1. Environment Setup
Install the SDK from PyPI (or from the repository checkout with pip install -e ".[ml]").
%pip install "subvocal[ml]" matplotlib --quiet
import numpy as np
import time
import matplotlib.pyplot as plt
import subvocal
print(f"Subvocal SDK {subvocal.__version__} loaded!")
2. Physiological Bio-Signal Simulation
We use the SyntheticSignalGenerator to mimic multi-channel electromyography muscle potentials (Gaussian white noise + powerline notch shape) and inject contractions.
from subvocal.hardware.drivers import SyntheticSignalGenerator
# 1. Initialize synthetic generator (8 channels, 250Hz sample rate)
hardware = SyntheticSignalGenerator(fs=250.0, num_channels=8)
hardware.start()
# 2. Read a 500ms frame of data
frame = hardware.read_frame(window_ms=500)
data = frame.to_numpy()
print(f"Frame shape (samples x channels): {data.shape}")
# 3. Plot signal trace
plt.figure(figsize=(10, 4))
plt.plot(data[:, 0], label='Channel 0')
plt.plot(data[:, 1], label='Channel 1')
plt.title("Raw Simulated sEMG Waveforms")
plt.xlabel("Sample Index")
plt.ylabel("Micro-Volts (uV)")
plt.legend()
plt.grid(True)
plt.show()
hardware.stop()
3. DSP and Bandpass Filtering
We apply the reconciled bandpass filter (1.3Hz to 50Hz) designed for silent speech to strip powerline noise and biological drift.
from subvocal.emg_core.dsp.filters import BandpassFilter
# 1. Initialize physiological filter
bp_filter = BandpassFilter(low_cutoff=1.3, high_cutoff=50.0, fs=250.0, order=4)
# 2. Filter raw data
filtered_data = bp_filter.apply(data)
plt.figure(figsize=(10, 4))
plt.plot(data[:, 0], alpha=0.5, label='Raw Channel 0')
plt.plot(filtered_data[:, 0], label='Filtered Channel 0')
plt.title("Physiological Bandpass Filtering Verification")
plt.xlabel("Sample Index")
plt.ylabel("Micro-Volts (uV)")
plt.legend()
plt.grid(True)
plt.show()
4. Feature Extraction (TD10 Segment Pool)
We extract TD10 temporal-domain features (Mean Absolute Value, Waveform Length, Zero Crossings, Slope Sign Changes) across channels to create model inputs.
from subvocal.emg_core.dsp.features import extract_td10_features
# Extract features over the filtered frame
features = extract_td10_features(filtered_data)
print(f"Extracted feature vector length: {len(features)}")
print(f"Features preview (first 10 items): {features[:10]}")

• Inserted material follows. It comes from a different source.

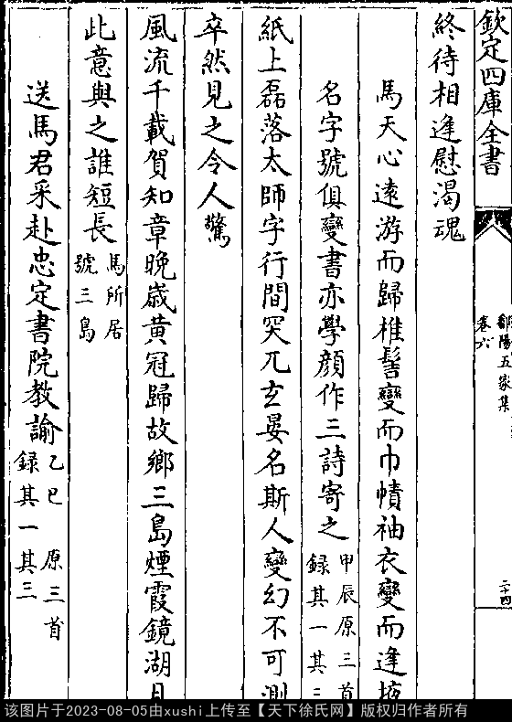 马天心远游而归椎髻变而巾帻袖衣变而逢掖名字号俱变书亦学颜作三诗寄之(甲辰(原注:三首录其一、其三。)) 其一 南宋 · 徐瑞 七言绝句 押庚韵 纸上磊落太师字,行间突兀玄晏名。 斯人变幻不可测,卒然见之令人惊。 其二 七言绝句 押阳韵 风流千载贺知章,晚岁黄冠归故乡。 三岛烟霞镜湖月,此意与之谁短长(自注:马所居号三岛。)。 出处: 《鄱陽五家集-清-史簡》卷六(第 24b - 25a 頁)

5. Machine Learning Classifier Training
We train an SVM gesture classifier on synthetic data and calibrate probabilities.
from sklearn.svm import SVC
from sklearn.calibration import CalibratedClassifierCV
# Generate mock training dataset (3 classes: rest, clench, LipMove)
np.random.seed(42)
num_samples = 60
X_train = np.random.randn(num_samples, len(features))
# Inject higher amplitude in clench class features
y_train = np.random.choice([0, 1, 2], size=num_samples)
X_train[y_train == 1] *= 5.5
# Fit calibrated baseline SVM model
base_svc = SVC(kernel='rbf', probability=True, C=1.0)
classifier = CalibratedClassifierCV(base_svc)
classifier.fit(X_train, y_train)
# Perform inference test
test_feat = X_train[0].reshape(1, -1)
pred_label = classifier.predict(test_feat)[0]
probs = classifier.predict_proba(test_feat)[0]
print(f"Predicted Gesture Label Index: {pred_label}")
print(f"Calibrated Probabilities: {probs}")
6. End-to-End Context-Aware Intent Reconstruction
We set up the full SubvocalPipeline leveraging user contexts and simulated LLM decoders.
from subvocal.context.schema import UserContext, AppState
from subvocal.core.models import CommandToken, Action, Intent
from subvocal.core.interfaces import ActionExecutor, ContextProvider, LLMProvider
from subvocal.core.pipeline import SubvocalPipeline
# Define mock client executor
class MyExecutor(ActionExecutor):
def execute(self, action: Action):
print(f"\n[⚡ EXECUTOR DISPATCH] Action Executed: {action.action_type.upper()}")
print(f"Arguments: {action.params.get('arguments')}")
def can_execute(self, action: Action) -> bool:
return True
# Define mock LLM intent decoder
class MyLLM(LLMProvider):
def reconstruct_intent(self, tokens: list, context: UserContext) -> Intent:
shorthand = " ".join([t.text for t in tokens])
# Perform translation based on shorthand token content
if "clk" in shorthand:
return Intent(
command="CLICK",
arguments=["link: Getting Started"],
resolved_text="Click the link",
raw_shorthand=shorthand,
confidence=0.96,
timestamp=time.time()
)
return Intent(
command="SCROLL",
arguments=["down"],
resolved_text="Scroll page",
raw_shorthand=shorthand,
confidence=0.85,
timestamp=time.time()
)
def get_provider_name(self) -> str:
return "my_mock_llm"
# Define static context provider
class MyContext(ContextProvider):
def get_context(self) -> UserContext:
return UserContext(app_state=AppState(current_app="Terminal"))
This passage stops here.